Bu ana faktöre bir de Orban’ın karşısındaki ittifakın beş benzemezden oluşmasını, gösterdiği adayın, yani Marki-Zay’in bizim Ekmeleddin gibi koyu bir muhafazakâr olmasını, muhalefetin içerisindeki partilerden faşist Jobbik’in çoğu zaman Orban’la aynı çizgide buluşmasını, Orban’ın medyayı bütünüyle kontrolüne almasını ve son olarak seçim yasasını değiştirmesini ekleyip manzarayı tamamlayabiliriz. Adeta bütün koşullar Orban’ın kazanması için bir araya ge(tiri)lmişti ve sonuç da öyle oldu, Orban kazandı.  

“Otoriter” rejimlerin karşısına soyut, içi boş bir “demokrasi” talebiyle çıkmak, izlediği politikaların karşısına alternatif diye “sağlıklı işleyen serbest piyasa ekonomisi”ni koymak, bu tür rejimlere “olağan” yollardan muhalefet etmenin sınırlarını görmemek… 

Demek ki Macaristan seçimlerinden Türkiye için  çıkarılacak dersler vardır ve o ders bizim seçim fetişisti liberal akıldanelerin iddia ettiği gibi basitçe “kazanabilecek aday çıkarmak”tan ibaret olamaz, meseleye daha bütünlüklü, daha kuşatıcı bir şekilde bakılması gerekmektedir.  

***

Ve ulaşım zammı, UKOME meselesi… İktidarın İstanbul Belediyesi’nin şehir içi ulaşıma yüzde elli zam talebine “kamu yararına aykırı” diyerek karşı oy vermesi elbette ki palavra, bu iktidarın kamu yararı ile uzaktan yakından bir alakası olamaz. Ancak bir muhalefet belediyesinin, sosyal belediyecilik iddiasında bulunan bir belediyenin ve üstelik bir yıl içerisinde seçimlerin yapılacağı bir ülkede kurduğu ittifak aracılığıyla iktidar olacağını iddia eden bir partinin belediyesinin, ortaya çıkan maliyetleri doğrudan yurttaşlarına yansıtması gibi bir durum da söz konusu olamaz.
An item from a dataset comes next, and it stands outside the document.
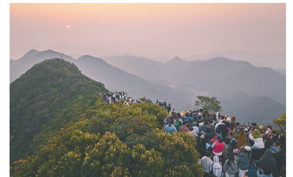
海南乐东,尖峰岭绝美日出。

İnsanlar korkunç bir hayat pahalılığının içerisinde debelenir ve ne yapmaya çalışacağını bilemezken, onların asgari ihtiyaçları bile karşılamaktan uzak bütçesine bir de muhalefet cephesinden yüzde elli artmış ulaşım masraflarını eklemek neresinden bakılırsa bakılsın irrasyoneldir ve eğer mesele iktidarın belediyeyi batırmak istemesiyse buna karşı izlenecek siyaset, halka “ulaşıma zam yapmamıza izin vermiyorlar” diye ağlamak ve her gün kullandığı ulaşım araçlarına fahiş zam yapılmasını isteyen robotlaşmış bir kitle yaratmak değildir. 

Terör soruşturmasından mobese görüntülerinin servisine İstanbul Belediyesi’ne yönelik bir kuşatmanın olduğu açıktır ama İmamoğlu ve belediye yönetimi, en başından beri buna karşı bir yanıt üretmemekte, iktidarla sürekli bir uzlaşma zemini aramakta, CHP yönetimi de bu meseleyi görmezden gelmektedir. İktidarın bu kuşatma operasyonuna gerçek anlamda bir karşı yanıt üretmek yerine krizin faturasını yurttaşlara kesmeye kalkışmak ise kabul edilebilir değil. 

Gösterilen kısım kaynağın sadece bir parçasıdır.